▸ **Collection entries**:
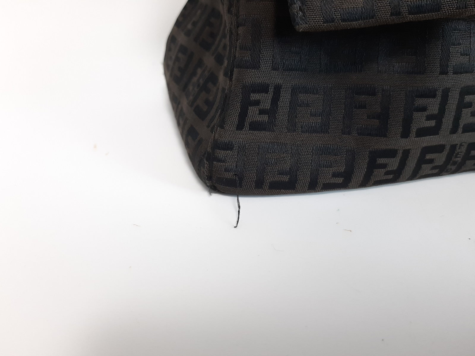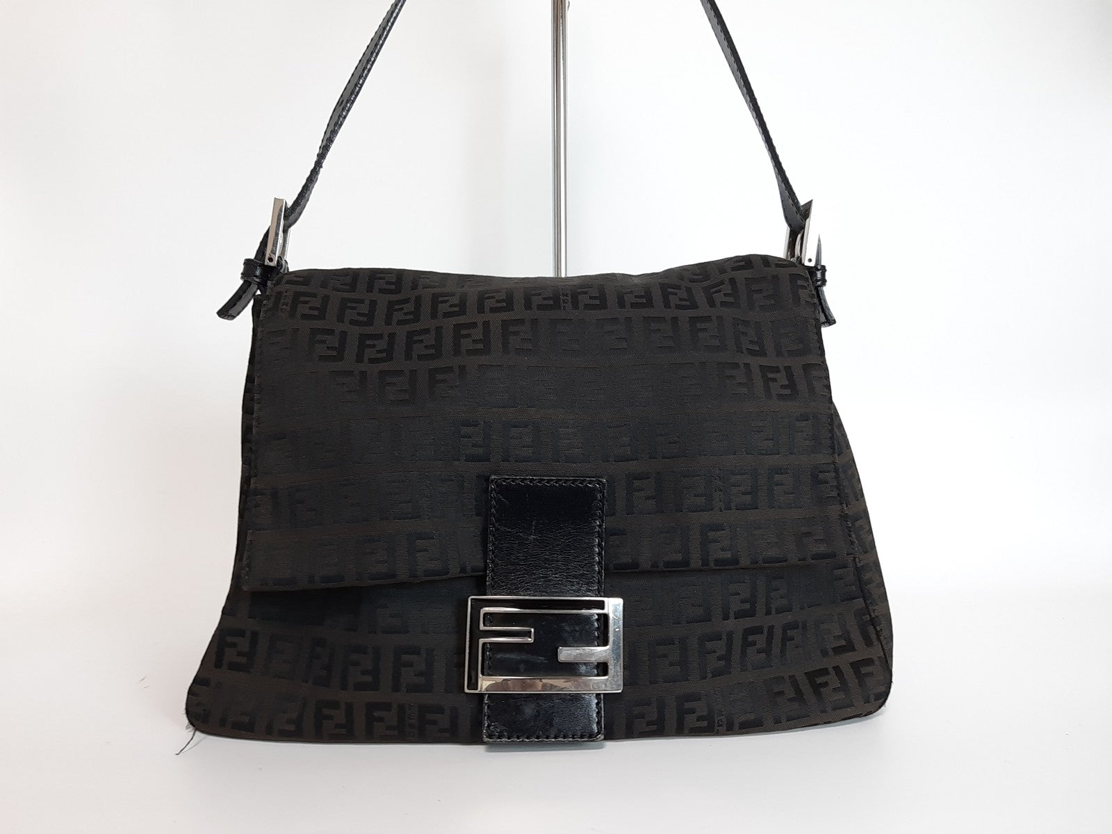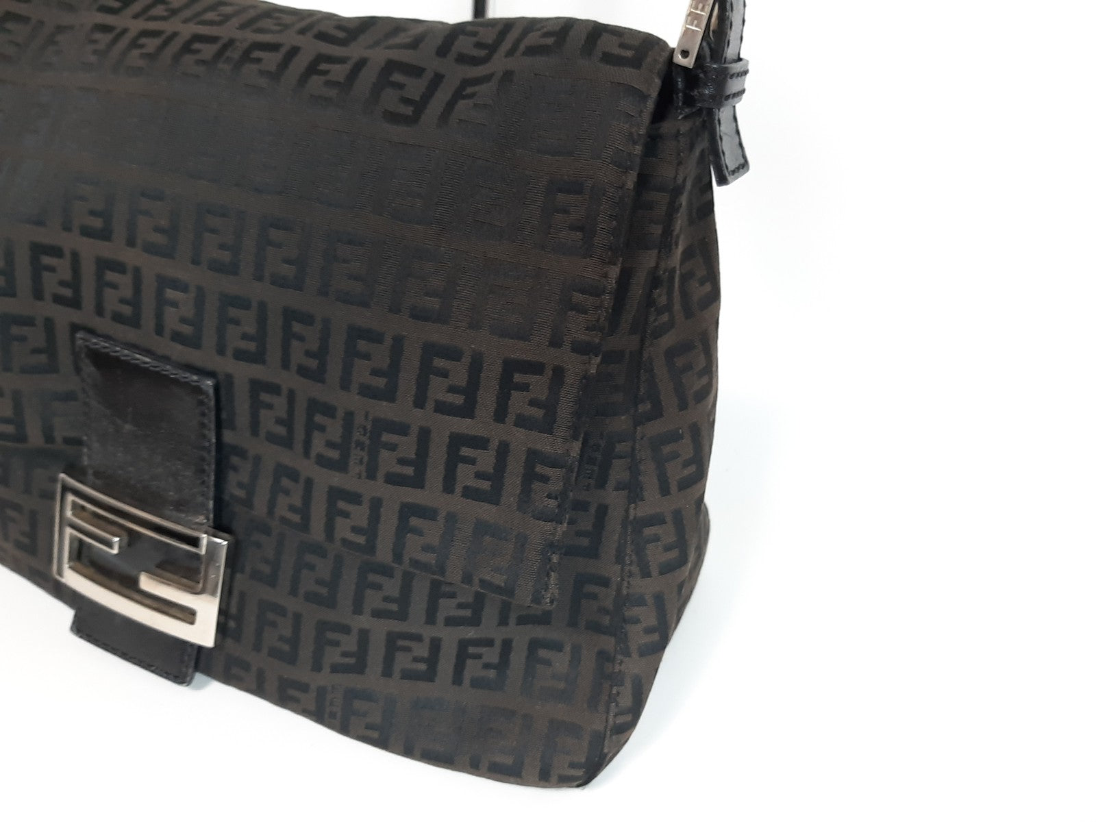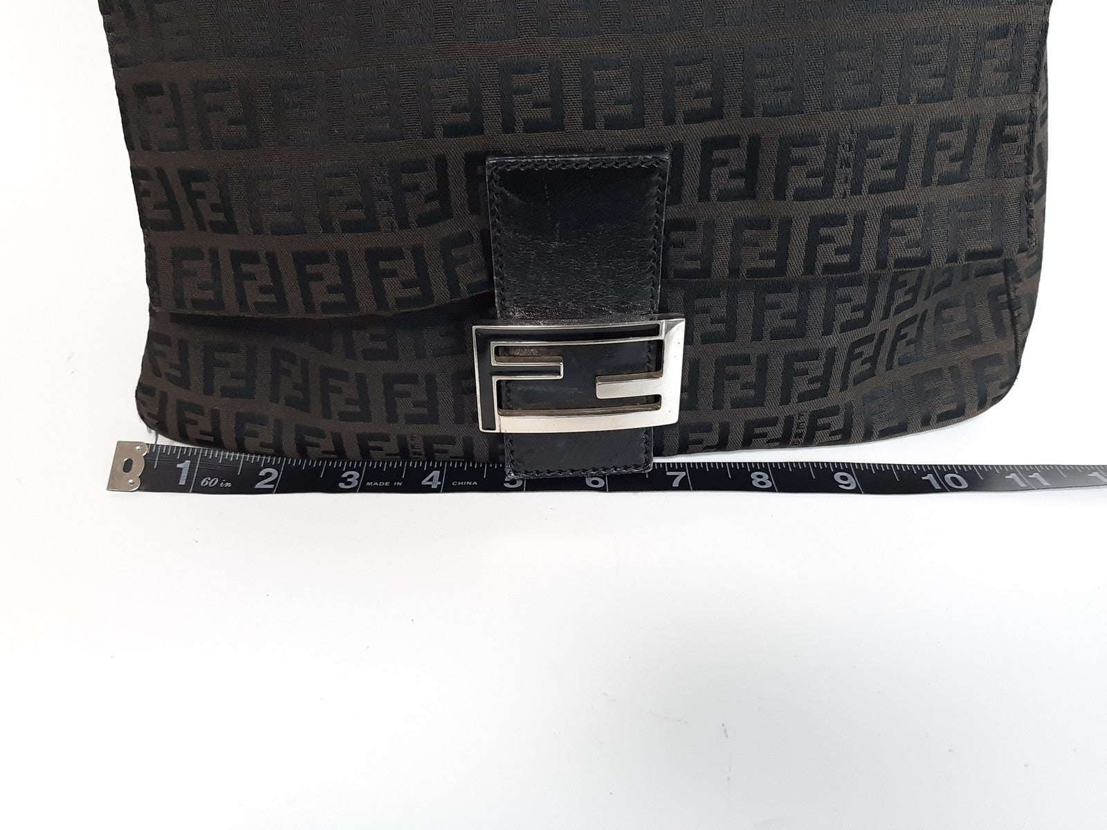 FENDI Zucca Mamma Baguette Shoulder Hand Bag Canvas Leather Black
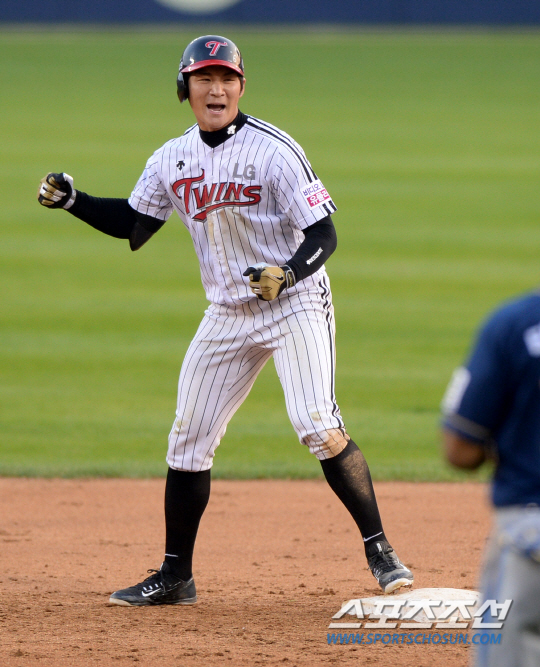 LG와 NC의 2014 프로야구 준플레이오프 4차전 경기가 25일 잠실구장에서 열렸다. 7회말 무사 만루 LG 오지환이 2타점 2루타를 치고 환호하고 있다. 잠실=허상욱 기자 wook@sportschosun.com/2014.10.25/
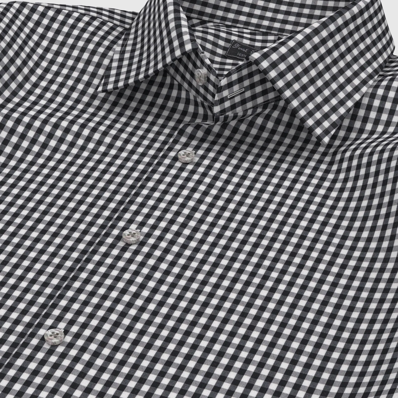 詳細きれいなブラック・ブロックチェックの綿100%イージーケア素材です。家庭洗濯+軽いアイロンがけですっきり・きっちりと着こなせる忙しいビジネスマンにぴったりの素材です。肌触りも綿100%の風合いを損なわない着心地です。
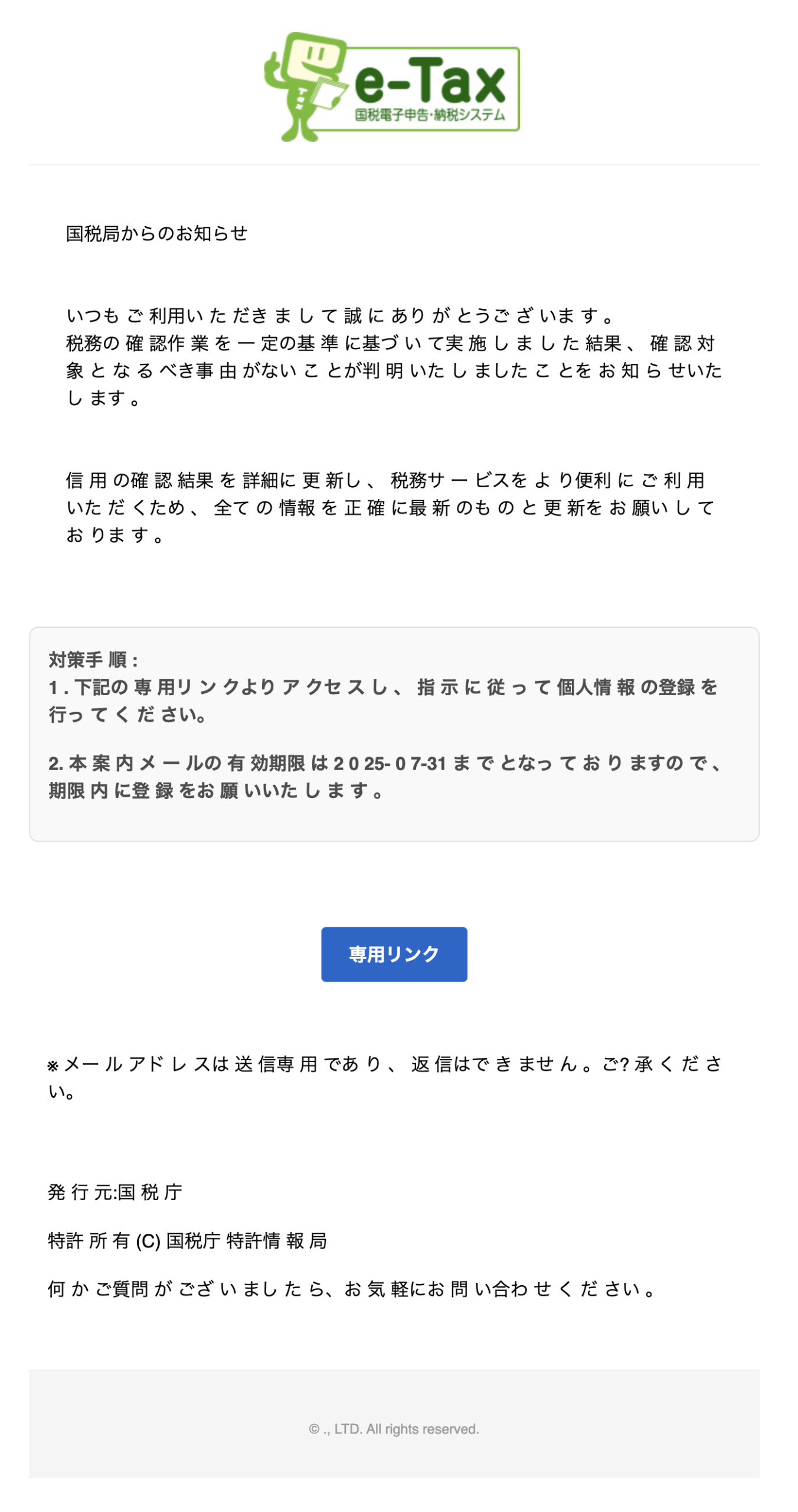 また、件名(本人確認情報の更新について)と本文内(ご本人確認情報ご提出のお願い)のつじつまが合っていません。
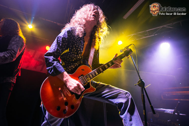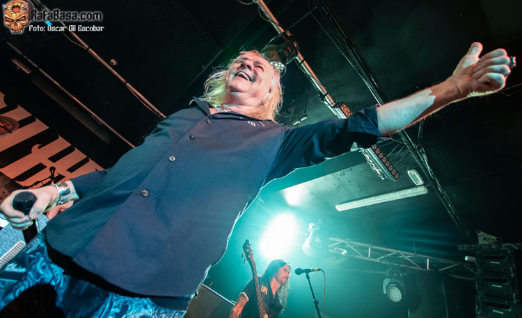 A diferencia de lo que sucediera en su visita de este pasado verano en el Rock Fest, esta noche la banda disfrutó de un sonido nítido y potente, lo que nos permitió disfrutar en todo su esplendor de temas como el propio “Living The Dream”, que era la elegida por el veterano guitarrista para demostrarnos que no ha perdido ese peculiar feeling que siempre le ha caracterizado. Sin concedernos ni un segundo de tregua llegaba el momento de cambiar radicalmente de registro para dejarnos arrastrar por los pegadizos estribillos de “Too Scared To Run”, que como comentaba anteriormente fue el único recuerdo que se permitieron a su producción de los ochenta, concretamente a su “Abominog” de 1982, y que nos dejaba con otro de esos trepidantes duelos marca de la casa que protagonizaron Box y Lanzon para acabar recabando una estruendosa ovación.
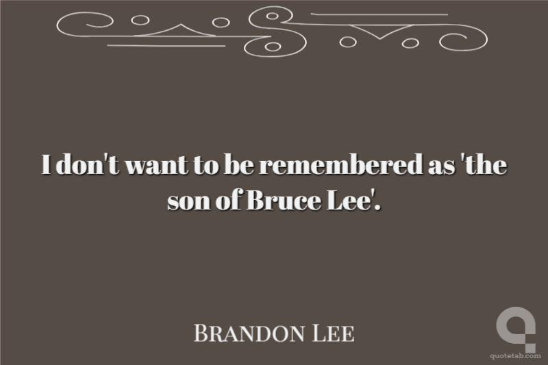 I don't want to be remembered as 'the son of Bruce Lee'.
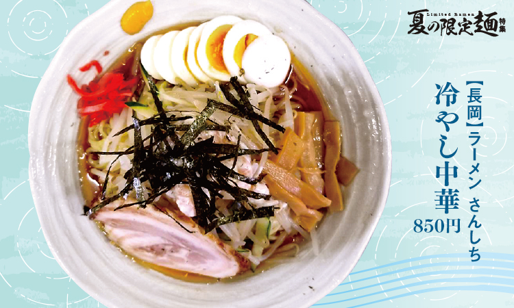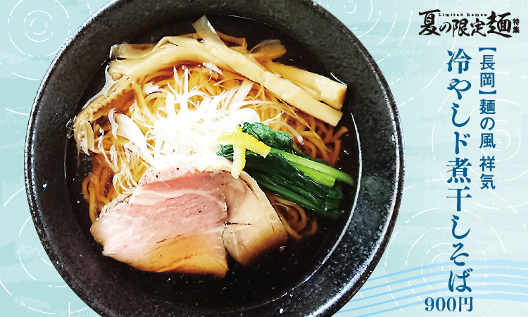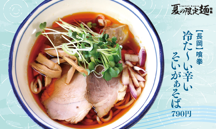 辛さをプラスした冷たい生姜醤油らーめんが新登場!!昆布、鰹からとったスープに生姜と辛味でアクセント。あっさりに拘った冷たい長岡生姜醤油!!
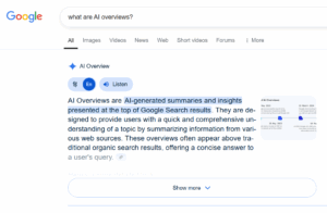 Google has its own intelligent search engine that analyzes all the sources available on Google and external websites to provide quick answers to user queries. This feature is called AI Overviews. When you search for something on Google, these AI overviews appear even before the top organic rankings, hence resulting in zero-click searches.
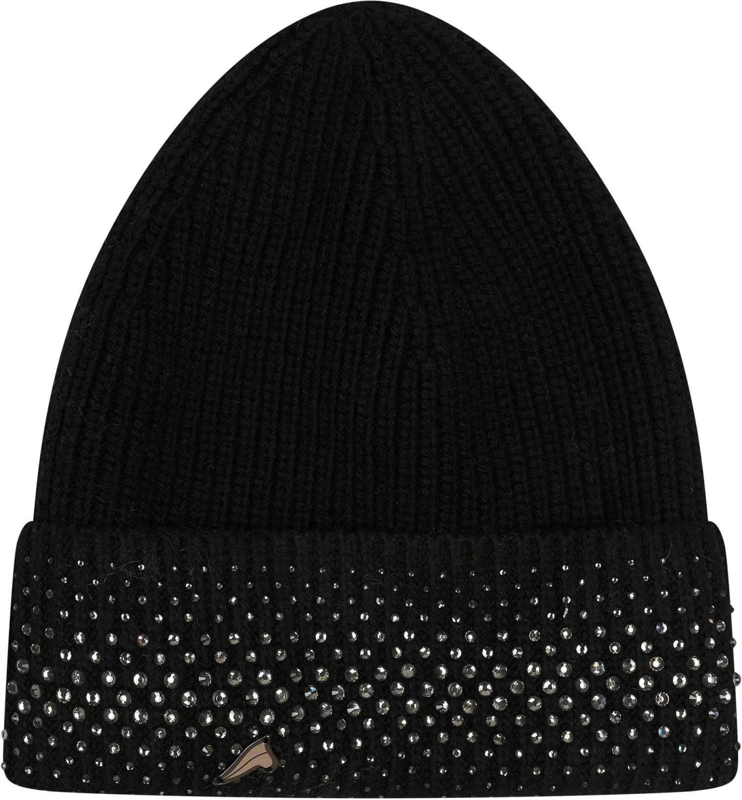 Außergewöhnlich schöne Strickmütze mit funkelnden Strasssteinen am Umschlag. Die weiche Materialkonstruktion umspielt Kopf, Ohren und Stirn mit einer wohligen Wärme. An der Stirnseite rundet eine kleine Marken-Metallplakette das Design ab.
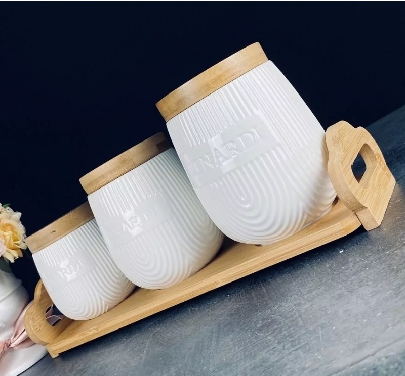 LENARDI Набор из 3 банок 1000/600/320мл на подставке BAMBOO в под.уп.(х8)Фарфор
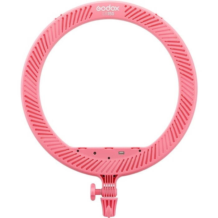 This LR150 Bi-Color LED Ring Light in pink from Godox has a distinctive shape and variable color temperature from 3000-6000K to match other fixtures, ambient light conditions, or just for creative expression. The light can be mounted to an optional grip head or stand, allowing you to shoot through it for a silky smooth, near-shadowless effect that is flattering to your talent's complexion. A smartphone holder is included which makes it great for selfies. The light creates unique circular catchlights in your subject's eyes and you can make color and light intensity adjustments from a simple knob on the fixture. It runs on USB power so you can take it anywhere and operate it from your computer, laptop, or a power adapter.
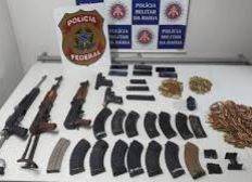 Com o bando foram apreendidos dois fuzis russos modelo AK 47, calibre 7,62, um fuzil calibre 5,56, duas pistolas austríacas, 20 carregadores e uma granada.
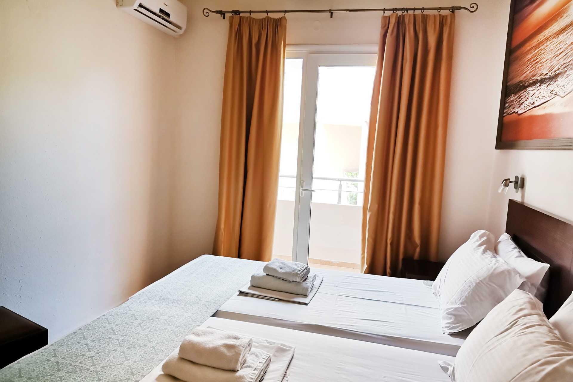 Tweekamerappartement met balkon, grondterras of grondbalkon. De appartementen bevinden zich één verdieping hoger dan de receptie, zonder lift. Slaapkamer en een gecombineerde woonkamer met kitchenette. Twee eenpersoonsbedden. Mogelijkheid voor extra bedden in slaapbank. Minikeuken met kookplaten, koelkast met vriesvak, magnetron, koffiezetapparaat, waterkoker, broodrooster en eenvoudige keukenapparatuur. Wifi, airconditioning en kluisje inbegrepen. Tv met lokale zenders. Badkamer met bad of douche en toilet. Schoonmaak 6 keer/week.
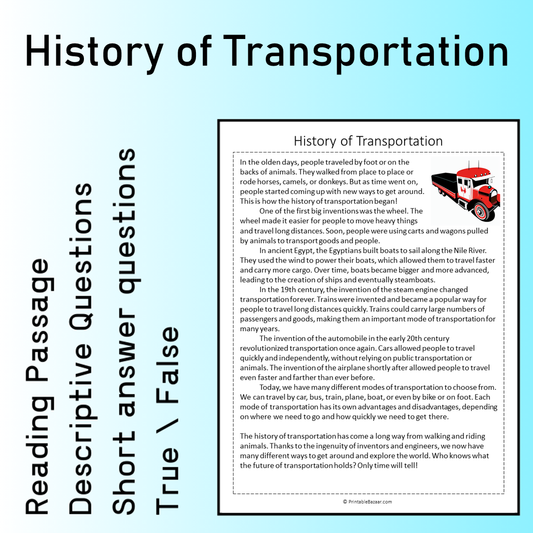 History of Transportation | Reading Comprehension Passage Printable Worksheet
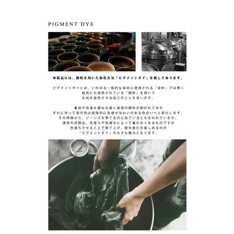 こちらはピグメント加工(ピグメントダイ)と呼ばれる染色方法で染めた後にヴィンテージ加工(ウォッシュ加工)を施しています。繊維の奥まで染み込ませる染料による染色と違い、ピグメント加工では顔料を用いて繊維の表面へ色の粒子を樹脂で纏わせるという方法で染色しています。その為色落ちがしやすく、洗いこむ事で独特のヒビ模様や繊維の露出(白化)など、他にない味わい深いフェード感が生まれます。

▸ **YOUR TASK**: Retype the records above line for line and exactly, omitting their pictures.

▸ **RESPONSE TO THE TASK**:
 FENDI Zucca Mamma Baguette Shoulder Hand Bag Canvas Leather Black
 LG와 NC의 2014 프로야구 준플레이오프 4차전 경기가 25일 잠실구장에서 열렸다. 7회말 무사 만루 LG 오지환이 2타점 2루타를 치고 환호하고 있다. 잠실=허상욱 기자 wook@sportschosun.com/2014.10.25/
 詳細きれいなブラック・ブロックチェックの綿100%イージーケア素材です。家庭洗濯+軽いアイロンがけですっきり・きっちりと着こなせる忙しいビジネスマンにぴったりの素材です。肌触りも綿100%の風合いを損なわない着心地です。
 また、件名(本人確認情報の更新について)と本文内(ご本人確認情報ご提出のお願い)のつじつまが合っていません。
 A diferencia de lo que sucediera en su visita de este pasado verano en el Rock Fest, esta noche la banda disfrutó de un sonido nítido y potente, lo que nos permitió disfrutar en todo su esplendor de temas como el propio “Living The Dream”, que era la elegida por el veterano guitarrista para demostrarnos que no ha perdido ese peculiar feeling que siempre le ha caracterizado. Sin concedernos ni un segundo de tregua llegaba el momento de cambiar radicalmente de registro para dejarnos arrastrar por los pegadizos estribillos de “Too Scared To Run”, que como comentaba anteriormente fue el único recuerdo que se permitieron a su producción de los ochenta, concretamente a su “Abominog” de 1982, y que nos dejaba con otro de esos trepidantes duelos marca de la casa que protagonizaron Box y Lanzon para acabar recabando una estruendosa ovación.
 I don't want to be remembered as 'the son of Bruce Lee'.
 辛さをプラスした冷たい生姜醤油らーめんが新登場!!昆布、鰹からとったスープに生姜と辛味でアクセント。あっさりに拘った冷たい長岡生姜醤油!!
 Google has its own intelligent search engine that analyzes all the sources available on Google and external websites to provide quick answers to user queries. This feature is called AI Overviews. When you search for something on Google, these AI overviews appear even before the top organic rankings, hence resulting in zero-click searches.
 Außergewöhnlich schöne Strickmütze mit funkelnden Strasssteinen am Umschlag. Die weiche Materialkonstruktion umspielt Kopf, Ohren und Stirn mit einer wohligen Wärme. An der Stirnseite rundet eine kleine Marken-Metallplakette das Design ab.
 LENARDI Набор из 3 банок 1000/600/320мл на подставке BAMBOO в под.уп.(х8)Фарфор
 This LR150 Bi-Color LED Ring Light in pink from Godox has a distinctive shape and variable color temperature from 3000-6000K to match other fixtures, ambient light conditions, or just for creative expression. The light can be mounted to an optional grip head or stand, allowing you to shoot through it for a silky smooth, near-shadowless effect that is flattering to your talent's complexion. A smartphone holder is included which makes it great for selfies. The light creates unique circular catchlights in your subject's eyes and you can make color and light intensity adjustments from a simple knob on the fixture. It runs on USB power so you can take it anywhere and operate it from your computer, laptop, or a power adapter.
 Com o bando foram apreendidos dois fuzis russos modelo AK 47, calibre 7,62, um fuzil calibre 5,56, duas pistolas austríacas, 20 carregadores e uma granada.
 Tweekamerappartement met balkon, grondterras of grondbalkon. De appartementen bevinden zich één verdieping hoger dan de receptie, zonder lift. Slaapkamer en een gecombineerde woonkamer met kitchenette. Twee eenpersoonsbedden. Mogelijkheid voor extra bedden in slaapbank. Minikeuken met kookplaten, koelkast met vriesvak, magnetron, koffiezetapparaat, waterkoker, broodrooster en eenvoudige keukenapparatuur. Wifi, airconditioning en kluisje inbegrepen. Tv met lokale zenders. Badkamer met bad of douche en toilet. Schoonmaak 6 keer/week.
 History of Transportation | Reading Comprehension Passage Printable Worksheet
 こちらはピグメント加工(ピグメントダイ)と呼ばれる染色方法で染めた後にヴィンテージ加工(ウォッシュ加工)を施しています。繊維の奥まで染み込ませる染料による染色と違い、ピグメント加工では顔料を用いて繊維の表面へ色の粒子を樹脂で纏わせるという方法で染色しています。その為色落ちがしやすく、洗いこむ事で独特のヒビ模様や繊維の露出(白化)など、他にない味わい深いフェード感が生まれます。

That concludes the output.